══ DATASET ══

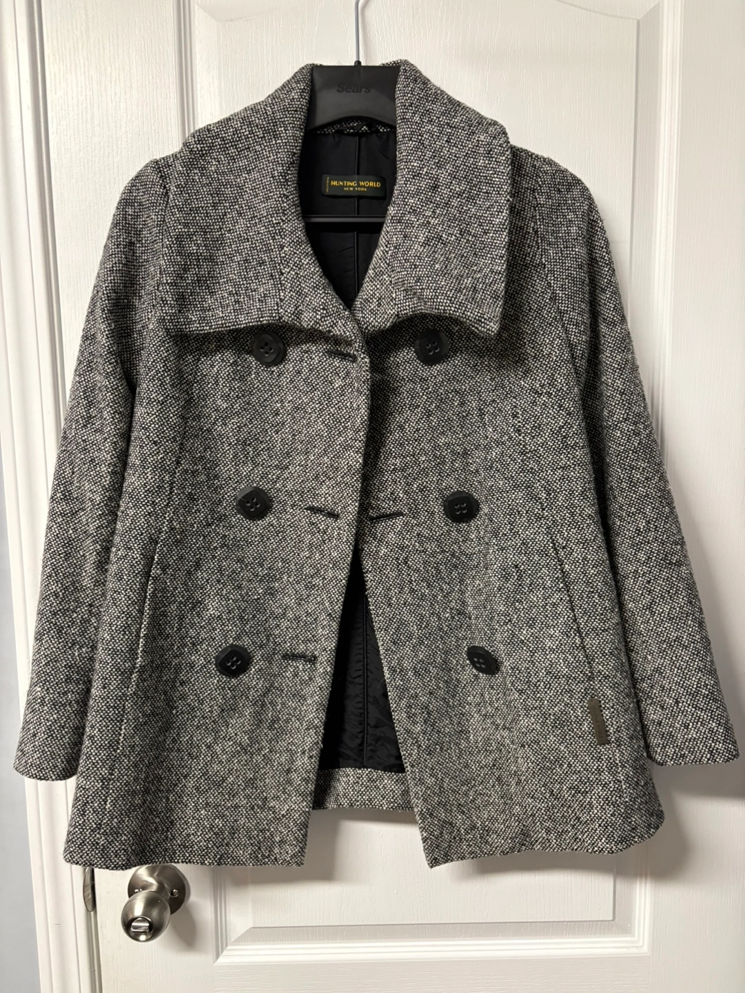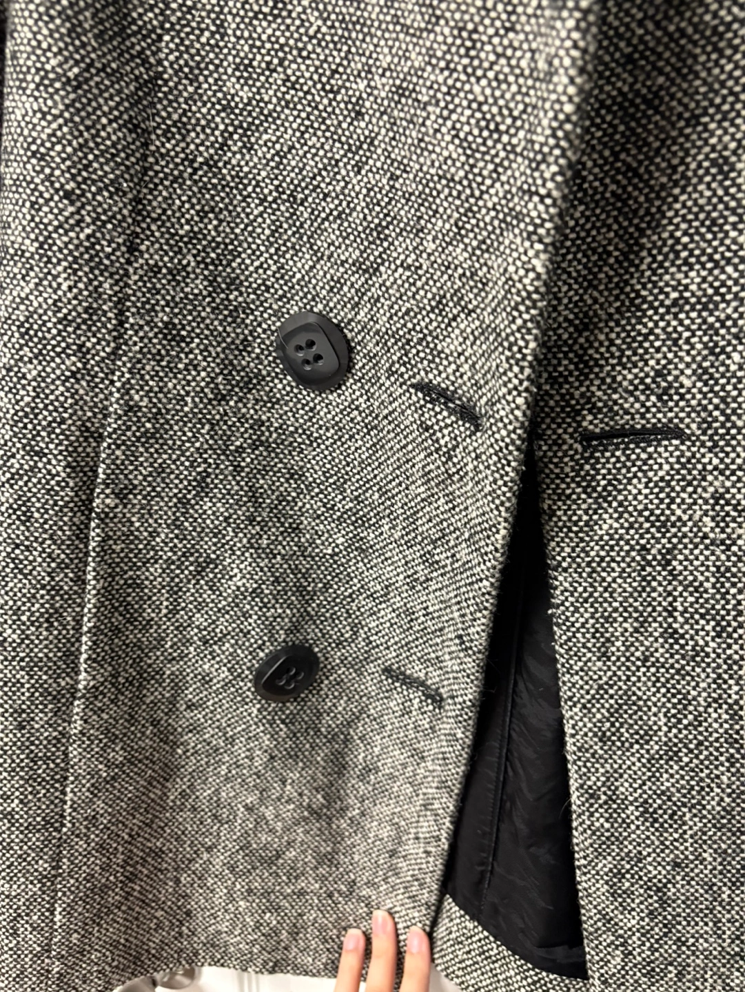 Women's double-breasted peacoat. Black and white tweed. Size 40. Made in Italy.
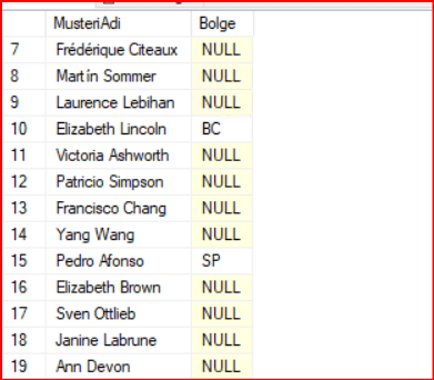 select MusteriAdi, isnull(Bolge,'BilinmiyorX') from Musteriler
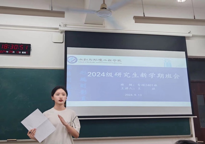 为提升新班级凝聚力,增进同学之间的互相了解,9月13日晚,水利学院在云塘校区工科三号楼以班级为单位召开了2024级研究生入学第一次班会。会议由院研会主席团成员主持,全体研究生新生参与。
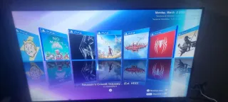 Console PlayStation 4 da 1TB in colore nero, include: console PlayStation 4, hard disk da 1TB, controller DualShock 4, cavi di connessione e ricarica, manuali. Console PS4 1TB, con cavi, controller, istruzioni e base per posizionarla in piedi, poco utilizzata, ancora in firmware 5.05, sbloccata per l'uso di copie di backup e include molti giochi installati.
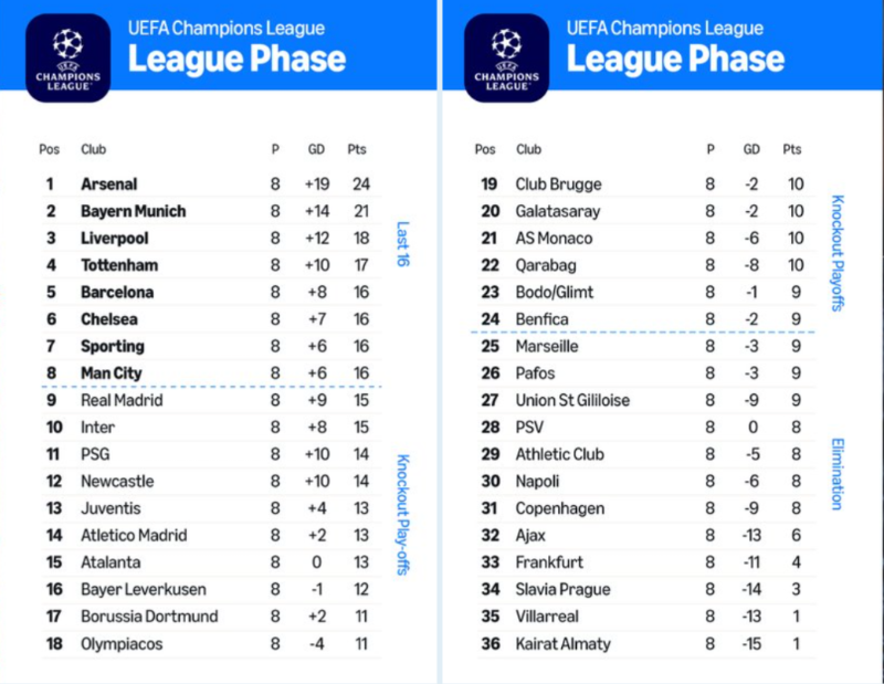 Her er den endelige stilling i Champions Leagues ligaspil.
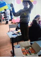 У місті Красногорівка, під час бойових дій, близько 11 тисяч мешканців були змушені жити у підвалах, шукаючи укриття від обстрілів. Це була вимушена міра безпеки, щоб уникнути поранень і смерті. У таких надзвичайно складних умовах, коли кожен вихід назовні був ризиком, життєво важливою була допомога від гуманітарних організацій, до яких долучилась разом із вихованцями і Ольга Миколаївна. Розвантаження гуманітарних посилок відбувалося з особливою обережністю, адже це часто ставало мішенню для обстрілів. Мешканці ризикували життям, аби отримати їжу, воду та інші необхідні речі. Цей період став справжнім випробуванням на стійкість та виживання, як для дорослих так і для дітей. Бібліотека – традиційно місце тиші та читання, але воно перетворилося на осередок творчості та натхнення Під час війни, коли багато культурних установ Красногорівки були пошкоджені або закриті, міська бібліотека стала справжнім культурним центром, надаючи прихисток для творчих гуртків. Студія «Веселка» переїхала до приміщення бібліотеки, яка стала для неї новою домівкою. Тут діти продовжували займатися творчістю, вчилися не тільки малювати, а й спілкуватися. Що допомагало їм відволіктися від реалій війни…
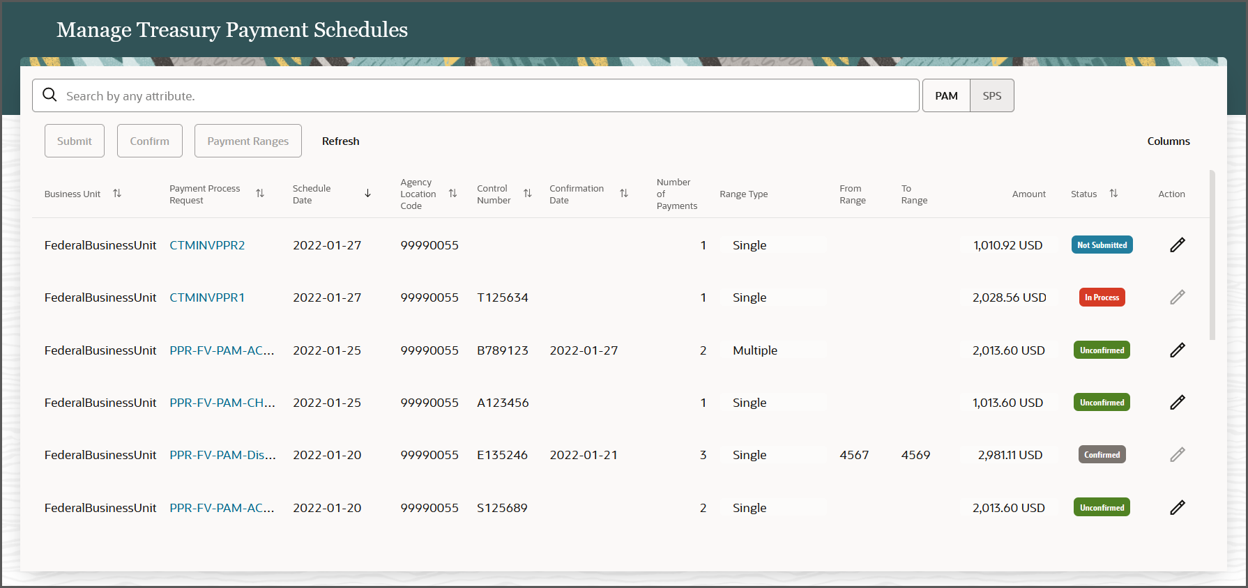 Use the Manage Treasury Payment Schedules page to record Treasury confirmation information such as confirmation date and check number range. When the page is opened, all payment process request (PPR) records that are ready for confirmation and have the Unconfirmed status are automatically displayed. After entering the confirmation date, the payment check range type and numbers, the record is ready to be confirmed. The Treasury Confirmation process is submitted when you click the Submit button. The process changes the status of the PPR to Confirmed. Submit the Create Accounting process to create the corresponding accounting entries for Treasury confirmation.
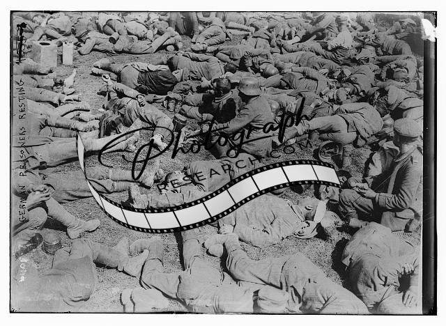 German prisoners resting,men sleeping on ground outside,Bain News Service
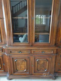 Vintage libreria con vetrina, cassetti e ante, composta da due parti e realizzata a mano con finitura in legno di noce.
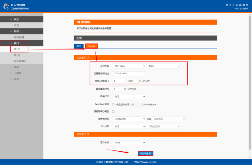 本案例測試服務器為我司 TCP服務器測試,用戶測試時請在“端口”>“串口1” >“ Socket”界面配置自己TCP服務器的參數。
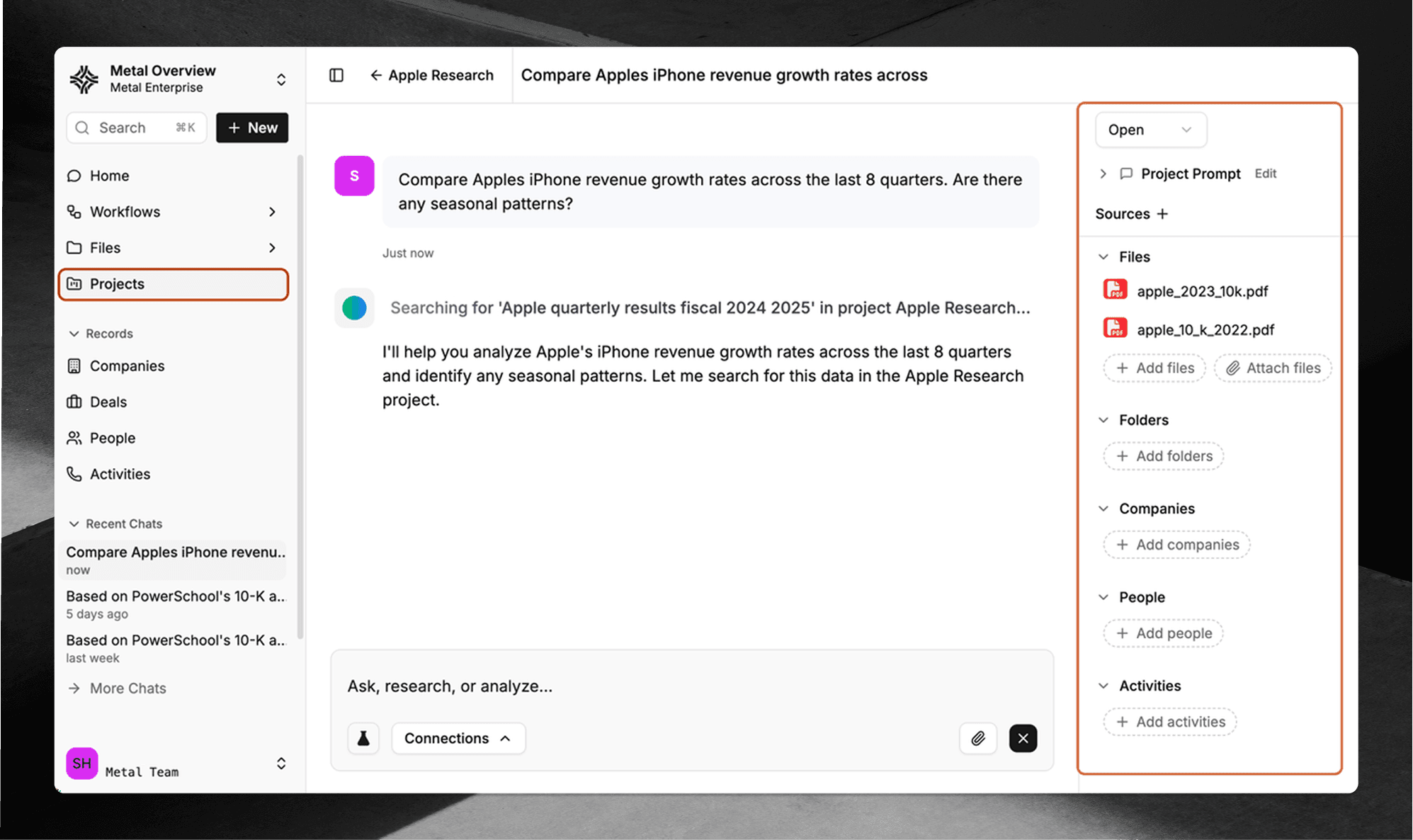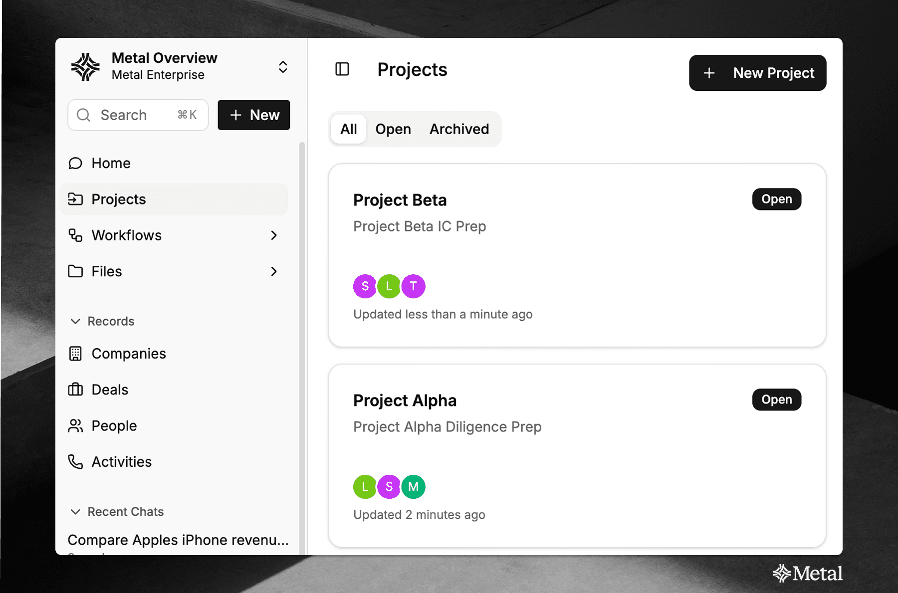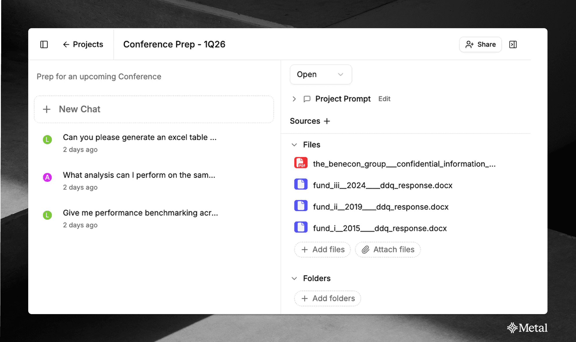 Metal Projects create dedicated collaborative spaces for each deal, target company, or conference prep. Instead of treating AI as a disconnected Q&A tool, Projects become the central workspace where your team's diligence actually happens.

═══

YOUR GOAL:
Output each of the lines above exactly, apart from the images.

REPLY:
 Women's double-breasted peacoat. Black and white tweed. Size 40. Made in Italy.
 select MusteriAdi, isnull(Bolge,'BilinmiyorX') from Musteriler
 为提升新班级凝聚力,增进同学之间的互相了解,9月13日晚,水利学院在云塘校区工科三号楼以班级为单位召开了2024级研究生入学第一次班会。会议由院研会主席团成员主持,全体研究生新生参与。
 Console PlayStation 4 da 1TB in colore nero, include: console PlayStation 4, hard disk da 1TB, controller DualShock 4, cavi di connessione e ricarica, manuali. Console PS4 1TB, con cavi, controller, istruzioni e base per posizionarla in piedi, poco utilizzata, ancora in firmware 5.05, sbloccata per l'uso di copie di backup e include molti giochi installati.
 Her er den endelige stilling i Champions Leagues ligaspil.
 У місті Красногорівка, під час бойових дій, близько 11 тисяч мешканців були змушені жити у підвалах, шукаючи укриття від обстрілів. Це була вимушена міра безпеки, щоб уникнути поранень і смерті. У таких надзвичайно складних умовах, коли кожен вихід назовні був ризиком, життєво важливою була допомога від гуманітарних організацій, до яких долучилась разом із вихованцями і Ольга Миколаївна. Розвантаження гуманітарних посилок відбувалося з особливою обережністю, адже це часто ставало мішенню для обстрілів. Мешканці ризикували життям, аби отримати їжу, воду та інші необхідні речі. Цей період став справжнім випробуванням на стійкість та виживання, як для дорослих так і для дітей. Бібліотека – традиційно місце тиші та читання, але воно перетворилося на осередок творчості та натхнення Під час війни, коли багато культурних установ Красногорівки були пошкоджені або закриті, міська бібліотека стала справжнім культурним центром, надаючи прихисток для творчих гуртків. Студія «Веселка» переїхала до приміщення бібліотеки, яка стала для неї новою домівкою. Тут діти продовжували займатися творчістю, вчилися не тільки малювати, а й спілкуватися. Що допомагало їм відволіктися від реалій війни…
 Use the Manage Treasury Payment Schedules page to record Treasury confirmation information such as confirmation date and check number range. When the page is opened, all payment process request (PPR) records that are ready for confirmation and have the Unconfirmed status are automatically displayed. After entering the confirmation date, the payment check range type and numbers, the record is ready to be confirmed. The Treasury Confirmation process is submitted when you click the Submit button. The process changes the status of the PPR to Confirmed. Submit the Create Accounting process to create the corresponding accounting entries for Treasury confirmation.
 German prisoners resting,men sleeping on ground outside,Bain News Service
 Vintage libreria con vetrina, cassetti e ante, composta da due parti e realizzata a mano con finitura in legno di noce.
 本案例測試服務器為我司 TCP服務器測試,用戶測試時請在“端口”>“串口1” >“ Socket”界面配置自己TCP服務器的參數。
 Metal Projects create dedicated collaborative spaces for each deal, target company, or conference prep. Instead of treating AI as a disconnected Q&A tool, Projects become the central workspace where your team's diligence actually happens.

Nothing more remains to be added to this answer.